A mocidade passou. As recordações ficaram. É só fechar os olhos e a minha vida roda como um filme. Um filme a cores daqueles de príncipes e princesas. Anjos bons e demónios. Tantos personagens participaram nesta metragem. Belos cenários, episódios, cenas giram: Festas, aulas, brincadeiras…

E nos maus momentos também, Risos e Choros. Concluo que a vida é uma aprendizagem continua. Dia a dia vai-se subindo de degrau. Em cada um encontramos alguém dando-nos a mão e muita força.

Desde pequena segui com a ajuda dos meus pais, avós, padrinhos, tios, professores… todos aqueles que me amavam. Se tropeçava lá estavam levantando-me. Cuidando de mim. Ensinando como devia andar. O que estava certo e errado. Como criança dócil poucas vezes desobedecia.

Ao longo dessa grande caminhada, muitos amigos apareceram para tornar a caminhada menos árdua. E foram tantos! Alguns permaneceram a meu lado até hoje. Outros ficaram parados nalgum patamar. As asas do destino ou não sei o quê separaram-nos. Bastantes tombaram para sempre desses degraus. Nunca mais os vi. Aqueles que mais me ampararam, não estão ao meu redor. Olho para a direita, para a esquerda, para trás e não os vejo na escada da vida. Só em sonhos me visitam. Fico tão alegre e satisfeita ao ouvir suas vozes! Depois resto triste por apenas os poder contemplar nas minhas noites, não nos meus dias.

E continuo subindo. Os meus olhos não conseguem alcançar o fim dessa escadaria. Não sei se falta muito percurso para terminar este passeio. Ás vezes sinto-me cansada! Apetece-me descansar. Noutras surge a força e a alegria suficientes para continuar.

Costumo dizer que a vida corre como um fio de água num regato, desliza sem sentirmos. Com as noites uns dias morrem, com as manhãs outros nascem. E cada um é uma surpresa.

 

Epifânia Palindra

 

publicado por DN às 11:33


Dora, tive o privilégio de ler este texto na sua versão total e digo-te já que o mesmo é um espectáculo.
Apetece-me cerrar os olhos e deixar-me embalar pela doçura, carinho e emoção que encontro nestas palavras. Vogar saboreando a força das mesmas, transpor degraus, mais degraus e mais degraus.
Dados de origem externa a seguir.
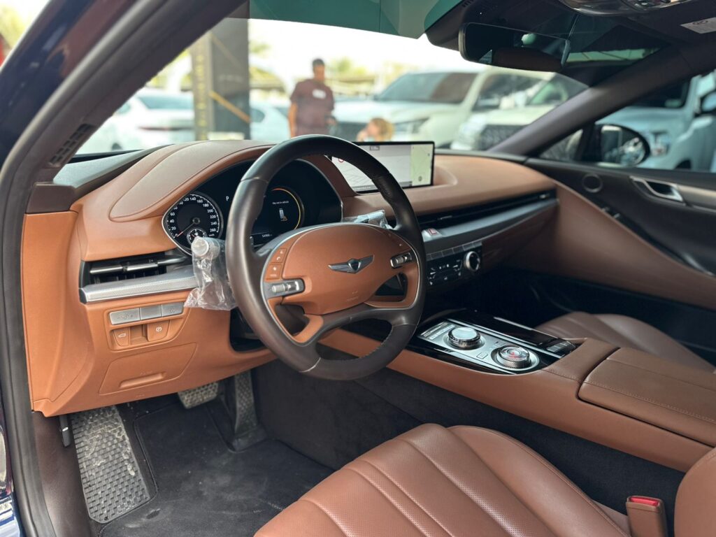 Exterior Design: Unparalleled elegance with the signature Genesis grille and quad LED headlights that give the car a commanding presence on the road.
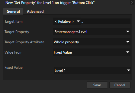 - Target Property to Statemanagers.Level
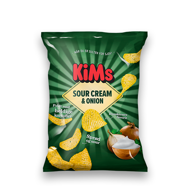 KiMs Sour Cream & Onion 160g er kartoffelchips krydderi, og har været danskernes favorit siden 1995!
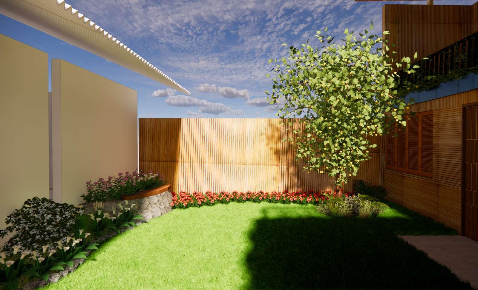 Para el ado izquierdo del proyecto podemos encontrar dos patios, uno ub cado a ado de la esca era y que da paso con un cam no de p edras a os baños, as como otro pat o ub cado en la casa del padre y que sirve como su huerto persona .

Chegar também mais perto da luz, da claridade, tocar-lhe com os dedos, incendiar o meu coração com ela e despejá-la em pequenos flocos sobre todos aqueles que sentem o peso da escuridão. Estas palavras fazem-me sonhar…Sonhar que também todos os meus pássaros se vão libertar das suas gaiolas e que as suas asas não esbarrarão nas grades da vida. Que eles vão voar cada vez mais alto tocando o céu, pousando nas amendoeiras, dando cor ao mar, trazendo consigo gaivotas de paz. E então em cada degrau haverá uma força a puxar-nos: num um ribeirinho a correr, noutro uma criança sorrindo, mais acima uma flor oferecendo-nos as suas pétalas, mais acolá um coração amigo de braços abertos. E então galgaremos os degraus sorrindo, esperando pelo próximo, gozando-os, apreciando-os, saboreando-os um a um.
Guardaremos a chave bem apertada na mão e quando chegarmos ao último abriremos a porta. Lá dentro as flores, as nossas flores, não deixarão de nos sorrir…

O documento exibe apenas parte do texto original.